In a total of 19 studies on 15,628 subjects, it was revealed that another polymorphism, rs1801131 (A1298C), located in exon 7 of the MTHFR gene (Castiglia et al. 2019), was significantly associated with BC in homozygous and allelic models, even though no significant difference was found in recessive, dominant, heterozygous, and overdominant models. Interestingly, the subgroups analysis seemed to suggest that genetic models of recessive, dominant, heterozygous, homozygous, and allelic in participants from Western Asia were significantly associated with the risk of BC. Additionally, a number of other studies have shown that this polymorphism was not significantly related to the risk of BC (Rai 2014; Zhang et al. 2016). Nonetheless, the results of subgroup analysis also revealed that this polymorphism was significantly associated with the risk of BC in participants from Western Asia in all the investigated genetic models, except for the codominant model. Therefore, it has been speculated that the discrepancy between the findings was most likely due to the racial ethnic differences, ethnicity, patient selection criteria, sources of control, and sample size. A meta-analysis conducted by He and shen (2017) investigated only the MTHFR C677T variant, while our meta-analysis assessed both MTHFR C677T and A1298C SNPs. Moreover, they included 19 Asian studies and concluded no significant association between MTHFR C677T and breast cancer among Asians. However, we included 36 Asian studies (almost twofold compared to the study by He and Shen (2017), indicating the association of MTHFR C677T and breast cancer. In addition, in the case of the A1298C variant, allelic and homozygous genetic models were associated with increased risk of BC; moreover, Western Asia populations showed the same association in the heterogeneous models which are considered as the first report in this regard.

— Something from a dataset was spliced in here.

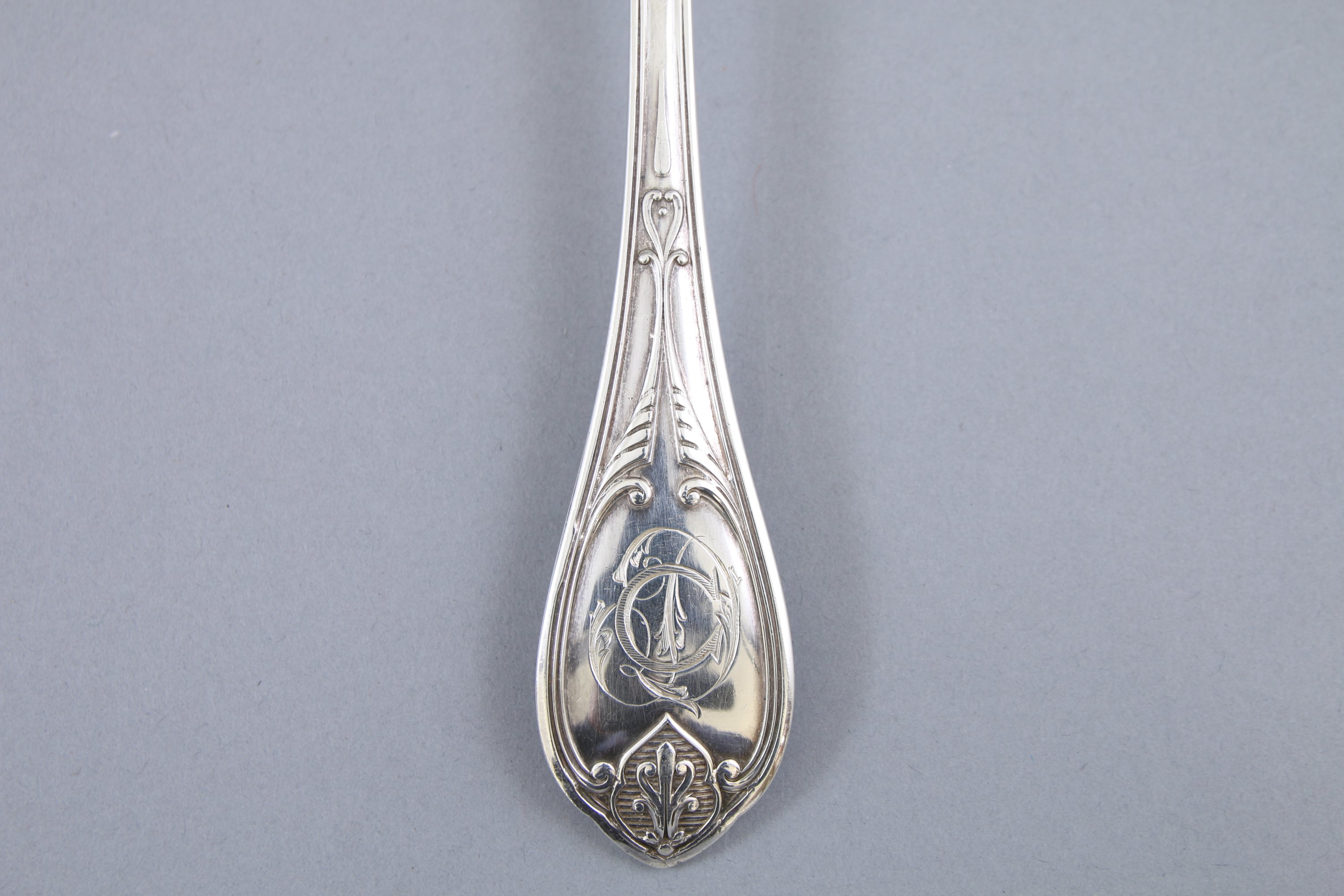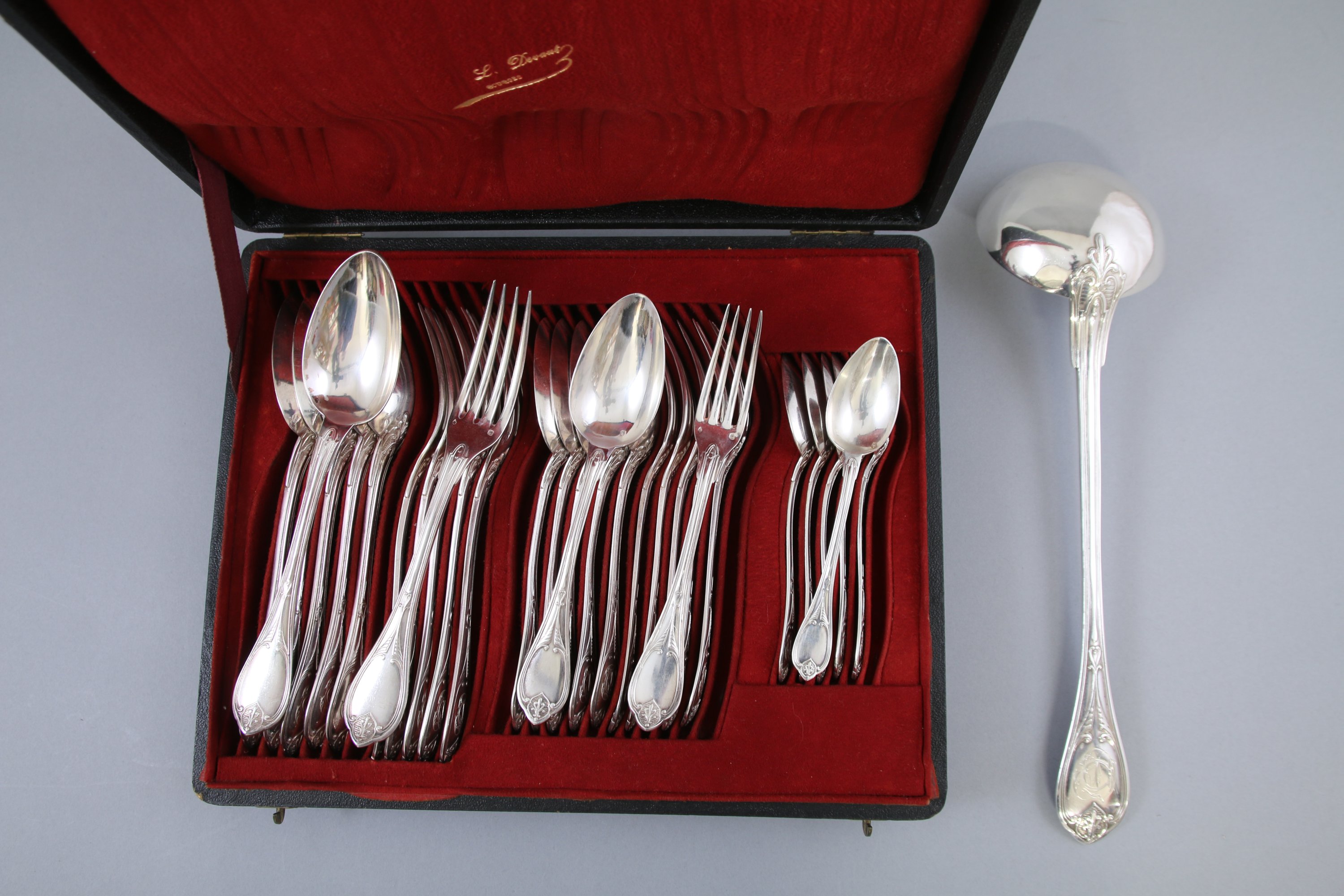 Modèle à fleurons, monogrammée "CD". Elle comprend 18 couverts de table, 18 couverts à entremets, 18 cuillers à café, une louche.

Although this is an up-to-date meta-analysis study, there were a number of limitations that need to be mentioned. First, given the high rate of heterogeneity in a number of findings, it is likely that the results are negatively affected, suggesting further studies are required. Second, subgroup analysis was not performed according to the levels of serum folate. Third, this analysis was carried out only on researches published in English. However, the present study also had some highlights which include more reliable results due to the increased sample size, as well as the use of all the possible genetic models in examining the association between these two polymorphisms and the risk of BC.

Conclusion

In conclusion, the present meta-analysis showed that the MTHFR C677T variants might be a promising factor that predisposes BC in an Asian population. In contrast to other studies reporting a non-significant association between the A1298C variant and BC, we found that the A1298C variant acts as a risk factor for BC, particularly in the Western Asian population. Nevertheless, further studies are required to show the association of MTHFR C677T and A1298C gene polymorphisms with BC in an Asian population in the presence of other factors such as folate levels.